- DATA SEGMENT:
########
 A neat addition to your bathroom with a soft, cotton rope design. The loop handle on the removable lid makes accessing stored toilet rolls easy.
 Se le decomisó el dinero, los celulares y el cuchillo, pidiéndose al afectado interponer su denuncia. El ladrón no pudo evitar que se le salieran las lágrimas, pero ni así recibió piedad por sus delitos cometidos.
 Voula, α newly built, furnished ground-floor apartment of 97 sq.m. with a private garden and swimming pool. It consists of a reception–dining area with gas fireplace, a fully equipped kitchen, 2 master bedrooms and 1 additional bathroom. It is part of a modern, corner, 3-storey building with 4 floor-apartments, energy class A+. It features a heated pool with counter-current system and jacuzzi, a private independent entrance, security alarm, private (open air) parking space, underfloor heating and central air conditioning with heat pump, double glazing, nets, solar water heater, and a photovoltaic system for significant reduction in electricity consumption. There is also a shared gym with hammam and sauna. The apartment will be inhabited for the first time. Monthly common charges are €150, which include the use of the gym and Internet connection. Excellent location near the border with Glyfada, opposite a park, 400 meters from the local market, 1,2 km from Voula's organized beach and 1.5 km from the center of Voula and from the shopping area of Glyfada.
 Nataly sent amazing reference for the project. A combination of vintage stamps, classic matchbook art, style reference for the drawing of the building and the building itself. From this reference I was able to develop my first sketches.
########
- AIM OF THE TASK:
Set down exactly the lines from the one that contains "Voula, α newly" to the final line above, both included, and nothing more.

- EXERCISE OUTPUT:
 Voula, α newly built, furnished ground-floor apartment of 97 sq.m. with a private garden and swimming pool. It consists of a reception–dining area with gas fireplace, a fully equipped kitchen, 2 master bedrooms and 1 additional bathroom. It is part of a modern, corner, 3-storey building with 4 floor-apartments, energy class A+. It features a heated pool with counter-current system and jacuzzi, a private independent entrance, security alarm, private (open air) parking space, underfloor heating and central air conditioning with heat pump, double glazing, nets, solar water heater, and a photovoltaic system for significant reduction in electricity consumption. There is also a shared gym with hammam and sauna. The apartment will be inhabited for the first time. Monthly common charges are €150, which include the use of the gym and Internet connection. Excellent location near the border with Glyfada, opposite a park, 400 meters from the local market, 1,2 km from Voula's organized beach and 1.5 km from the center of Voula and from the shopping area of Glyfada.
 Nataly sent amazing reference for the project. A combination of vintage stamps, classic matchbook art, style reference for the drawing of the building and the building itself. From this reference I was able to develop my first sketches.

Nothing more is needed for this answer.